A startling new feature spotted at an Aldi store in Sydney has shoppers proposing sinister theories online as to what the technology may be used for.
A photo of the self-serve checkout at the Oxford Village Centre store was shared on Reddit on Tuesday and shows a large, "high definition" camera and monitoring screen overhead, which says "monitoring in progress". The cameras had some suggesting facial recognition is now being used in Aldi stores.
The new addition has sparked a wave of privacy and surveillance concerns. "Wonder what the laws are around storing and using facial recognition in stores," the poster expressed alongside the image.

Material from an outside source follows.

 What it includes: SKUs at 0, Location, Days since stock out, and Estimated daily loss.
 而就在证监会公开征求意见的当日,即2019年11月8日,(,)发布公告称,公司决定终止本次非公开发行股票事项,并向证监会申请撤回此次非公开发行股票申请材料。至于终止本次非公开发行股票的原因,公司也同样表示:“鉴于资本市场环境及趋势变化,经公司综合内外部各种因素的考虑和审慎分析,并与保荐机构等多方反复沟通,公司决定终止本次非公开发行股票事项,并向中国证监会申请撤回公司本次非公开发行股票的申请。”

Theories about Aldi's new tech emerge
Others suggested the tech is likely "more of a visual deterrent" to help weed out shoplifters.

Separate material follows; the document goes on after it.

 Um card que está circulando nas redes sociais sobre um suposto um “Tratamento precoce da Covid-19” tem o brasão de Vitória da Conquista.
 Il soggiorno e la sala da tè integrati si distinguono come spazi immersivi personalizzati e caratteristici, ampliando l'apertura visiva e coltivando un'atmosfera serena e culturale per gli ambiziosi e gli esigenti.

"I believe they're using the technology that recognises instances of self-serve theft to develop a nationwide database of profiles of serial shoplifters to use in conjunction with facial recognition throughout the store," one person suggested, noting this tech appears different to that used at Coles and Woolworths which detects when items haven't scanned.
Aldi responds to facial recognition claim
Aldi has shut down such theories and told Yahoo News it does not currently use facial recognition or AI technology in its stores.
In a statement to Yahoo News, a spokesperson for Aldi said CCTV ensures the safety of customers and employees and it's also used "to monitor for theft", they said.
"We are trialling a variety of new CCTV technologies across a select number of stores which are in line with all relevant surveillance laws," the spokesperson said. It's understood a sign is displayed in all stores when customers enter informing them that CCTV surveillance is in operation.
Controversial face recognition tech called out
Surveillance in supermarkets is not new and has been rolled out in various forms across Coles, Woolworths and other large independent stores. But face recognition tech has been heavily criticised in the past. Last year, an investigation by consumer watchdog CHOICE revealed Kmart, Bunnings and The Good Guys were using the problematic technology on unsuspecting customers, which is a "completely inappropriate and unnecessary use of the technology", consumer data advocate Kate Bower said.
CHOICE claimed the commercial use of facial recognition poses potential issues to people, such as privacy breaches, identity fraud, data theft and unethical use.
In June last year, Woolworths adamantly dismissed claims it used face recognition in its stores after a screenshot of a training module circulated online, claiming Woolworths uses "facial mapping to identify thieves".
A spokesperson for Woolworths confirmed to Yahoo News Australia it was an innocent mistake made by poor wording and was quickly rectified.